No good deed goes unpunished. 
It all started when I landed in USA on November 1st; Nigeria is hours ahead of USA. I was determined to put an end to the drama. I didn’t know how. But determination counts, doesn’t it? I ordered a Uber drive to the CIA headquarters. I contacted my friend, Williams Ripley who is an agent with the CIA. “Hey, it’s Halema. I’m afraid my life is in danger. It appears-”, I was interrupted. His voice was husky and he spoke in rushed tones. Something was definitely up.
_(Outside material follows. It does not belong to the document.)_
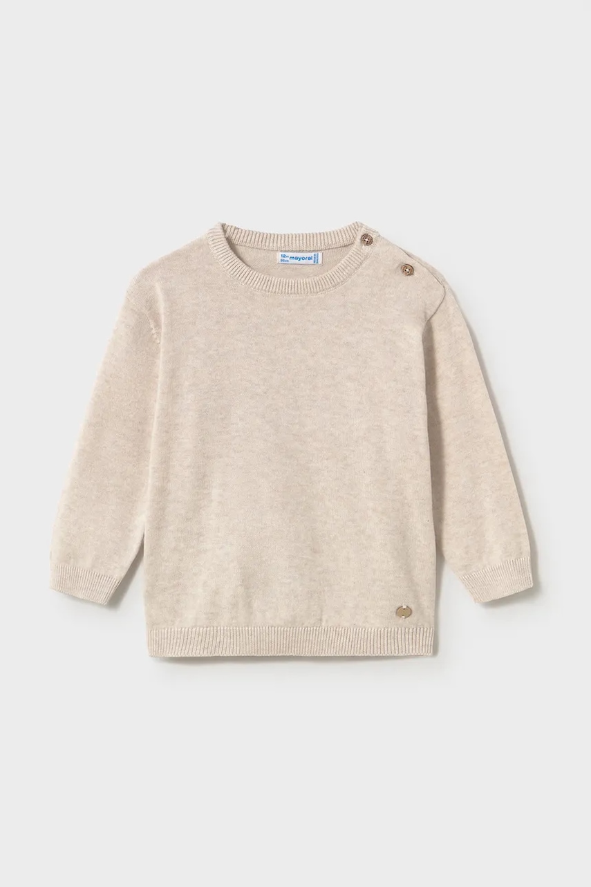 Pulover de bumbac cu decolteu la baza gatului, Maro deschis
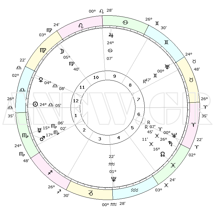 | ΘΕΣΕΙΣ ΠΛΑΝΗΤΩΝ ΑΣΤΡΟΛΟΓΙΚΟΥ ΧΑΡΤΗ ΤΗΣ ΣΤΙΓΜΗΣ ΑΥΤΗΣ | | Πλανήτης | Ζώδιο | Μοίρες | Δεκαήμ. | Σε οίκο | Απόκλιση | | Ακμές των οίκων | Ηλιος | Ζυγός | 23°38' | Τρίτο | 5 | 09 S 10 | | 1ος | 08°50' | Δίδυμοι | Σελήνη | Λέων | 29°57' | Τρίτο | 4 | 13 N 00 | | 2ος | 02°01' | Καρκίνος | Ερμής | Σκορπιός | 14°29' | Δεύτερο | 6 | 18 S 00 | | 3ος | 23°14' | Καρκίνος | Αφροδίτη | Ζυγός | 03°34' | Πρώτο | 5 | 00 S 01 | | 4ος | 16°46' | Λέων | Αρης | Σκορπιός | 16°43' | Δεύτερο | 6 | 17 S 04 | | 5ος | 16°49' | Παρθένος | Δίας | Καρκίνος | 24°05' | Τρίτο | 3 | 21 N 20 | | 6ος | 26°26' | Ζυγός | Κρόνος | Ιχθείς | 26°46'R | Τρίτο | 11 | 03 S 35 | | 7ος | 08°50' | Τοξότης | Ουρανός | Δίδυμοι | 00°48'R | Πρώτο | 12 | 20 N 06 | | 8ος | 02°01' | Αιγόκερως | Ποσειδώνας | Κριός | 00°08'R | Πρώτο | 11 | 01 S 12 | | 9ος | 23°14' | Αιγόκερως | Πλούτωνας | Υδροχόος | 01°22' | Πρώτο | 9 | 23 S 32 | | 10ος | 16°46' | Υδροχόος | Β. Δεσμός | Ιχθείς | 16°12' | Δεύτερο | 10 | 05 S 26 | | 11ος | 16°49' | Ιχθείς | Ωροσκόπος | Δίδυμοι | 08°50' | Πρώτο | | | 12ος | 26°26' | Κριός | Μεσουράνημα | Υδροχόος | 16°46' | Δεύτερο | | | |

“Halema!”, he exclaimed, “I’ll text you an address to come meet me now. Lot of things are going on that cannot be explained on the phone.”
Few minutes later, his text came in. Of course, the location was cryptic. He was a smart man. He had pointed to a location where he had joked about a black bird because his message read: BLACKBIRD. I flagged down a taxi and I directed the driver to the location. It was a fifteen-minute ride. It felt like the longest ride of my life. I reminded myself that bloggers were not concerned with intelligence work.  I am certainly not built for this. 
I got down from the taxi and I paid the driver; I had withdrawn some money from the ATM. I saw William right at the point he had mentioned. He looked like he hadn’t slept in weeks. I looked at him from afar and shook my head, he must have gone through hell. Then again, I narrowly escaped purgatory few hours ago. 
“What is wrong with you?”, I said with a voice full of concern when I moved closer to him, “you look-”, he interrupted with a wave of his hands. 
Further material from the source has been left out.